The handkerchief was in her lap. She played with its rolled edges.
“Did he. You mean did he have one?”
“Yes. Sorry for that.”
“Course he did. Small one,” Angela said. “Don’t know what you call them-pistol or revolver-but a small black one. It’s not there tonight. I looked for it.”
“Where did he keep it?” I had opened the night table drawers for the same reason.
“Right by the front door. On the stand under the TV. It was the best place to have it, so that nobody got in that he didn’t know.”
“You-you didn’t take anything out of there, did you, Angela?”
“Like the gun, Detective? Like I’ve been talking crazy enough so you think maybe I shot my daddy to put him out of his misery?”
She was all puffed up now, full of outrage at me.
“Not the gun. No, I wasn’t thinking of the gun,” I said. I took the chance of smiling at her for a second time. “In my book, everyone’s a suspect till I put the cuffs on the killer. Can’t ever rule out the first one who finds the body.”
“You think I hate Keesh enough to set her up, don’t you?”
“I believe you loved your father. That’s why it’s also hard to ask you whether you think he ever helped himself to any of the reverend’s money. But I’ve got to do it. I’ve been wondering, with all that cash, if you think he-”
“I hope to God he did, Detective. I hope he took fistfuls for himself,” Angela Wilson said. She was on fire now. The whites of her eyes, streaked with ruptured blood vessels from hours of crying, glistened as she talked to me. “I hope Daddy had it hidden well enough that his bitch didn’t find any of it.”
“Did you search for that, too, Angela?”
“You got a real mean streak, Detective. You know that? Start out nice and easy, but you got a streak.”
“I’ve been told. You haven’t seen that side yet. I got no reason to show it. I’m asking you the same thing I’d ask anyone else in this position.”
“I didn’t say I searched anywhere, did I?”
“You looked for the gun.”
“Damn right I did. I called 911 just as soon as my hand stopped shaking so bad I could actually dial the three numbers. Then I looked for the gun in case Shipley or any of those felons he collects showed up at Daddy’s bedside before you gentlemen did.”
Angela Wilson was weeping again.
There was a soft knocking on the apartment door.
“Give me five more, Lee. We’re almost done,” I said, without taking my eyes off Angela.
“Right now, Chapman,” he said, cracking the door to talk to me.
“Back off, will you? Five minutes.”
I was getting everything I wanted and more from Wilson’s daughter. I didn’t need Petrie to interrupt her mood swings or the flow of her information.
“Pretty urgent,” Lee Petrie said. “The Most Reverend Hal Shipley is here to offer a moment of silent prayer over the body of Wynan Wilson.”
ELEVEN
“Mike Chapman. Homicide.”
“Hal Shipley. The Reverend Hal Shipley. Pleased to meet you.”
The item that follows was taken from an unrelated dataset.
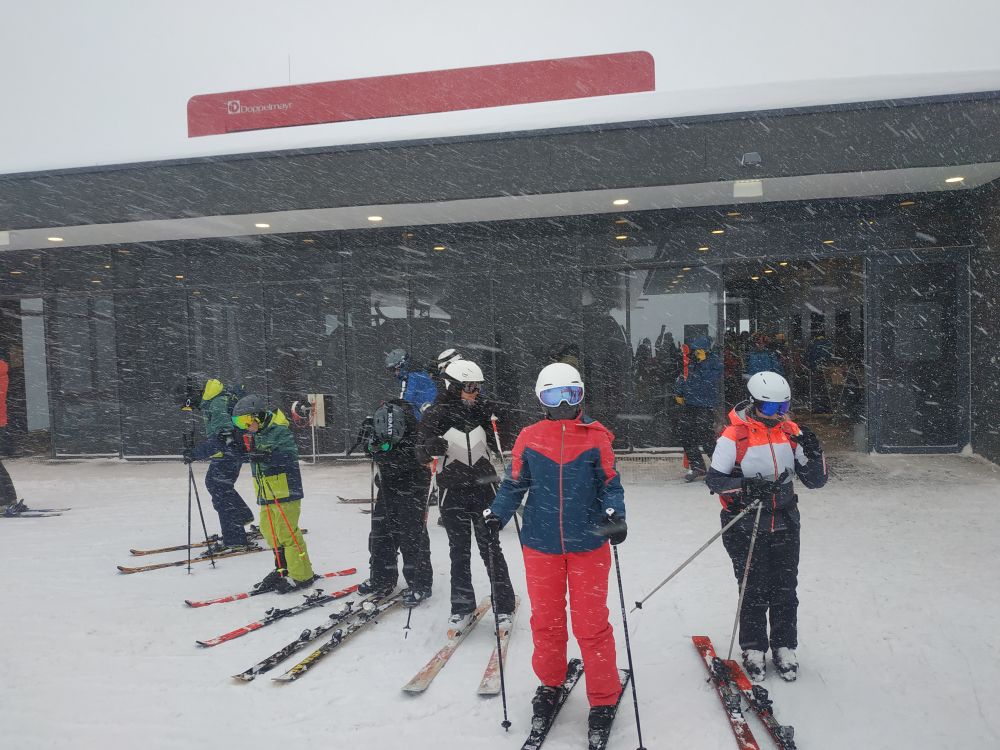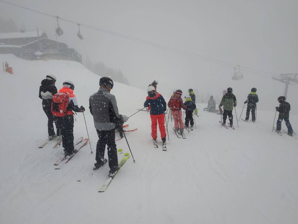 Die Wettervorhersage sollte sich bewahrheiten: Neuschnee, eingeschränkte Sicht, Wind und teilweise schlecht präparierte Pisten machten das Skifahren anspruchsvoll. Dennoch waren alle mit viel Einsatz dabei. Besonders schön war, dass fünf Familien mit Kindern den ganzen Tag gemeinsam unterwegs waren – auch wenn der Nachwuchs zwischendurch Geduld beweisen musste, da nicht alle Lifte in Betrieb waren.
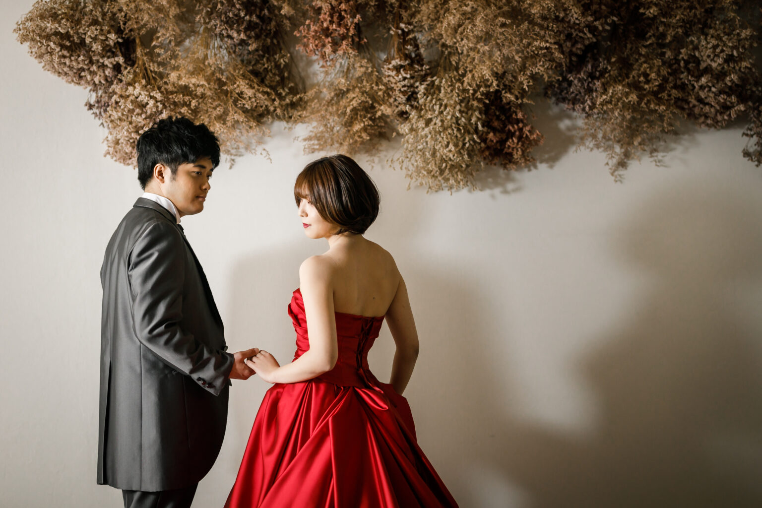 座った姿がバラのように美しい赤のドレスと、光沢のあるグレーのタキシードが 相性抜群で、おふたり並んだ姿がとても綺麗に映えますね♪ シンプルな背景だからこそ、より美しくドレスが映えると思うので、スタジオ撮影には カラードレスがおすすめです! おふたりにとっても特別な記念日になるので、お好きなカラーで華やかに撮影を 楽しんでみてはいかがでしょうか♪

I didn’t want to remind him that we’d met before. The circumstances were never happy ones when a police officer crossed the path of a self-righteous charlatan. I almost put his lights out when he led a protest at the wake of a cop who’d been slain by a teenage psychopath. I’d wanted to collar him ten years back when he’d lied about a young woman who had fabricated a rape case and identified an innocent man as her assailant. He had sneered at me on the steps of City Hall and in the stairwell of a housing project where a parolee had ambushed a rookie cop.
“You mind stepping out of Mr. Wilson’s apartment? It’s a crime scene.”
“Wynan Wilson is a dear friend of mine, Detective. I’d like to see him, be alone with him for a moment. Pray for his soul.”
“Not possible. Just kindly back out into the hallway. You shouldn’t have been allowed in, in the first place.”
“I’m his spiritual adviser,” Shipley said, putting the palm of his hand on my chest. “You don’t understand.”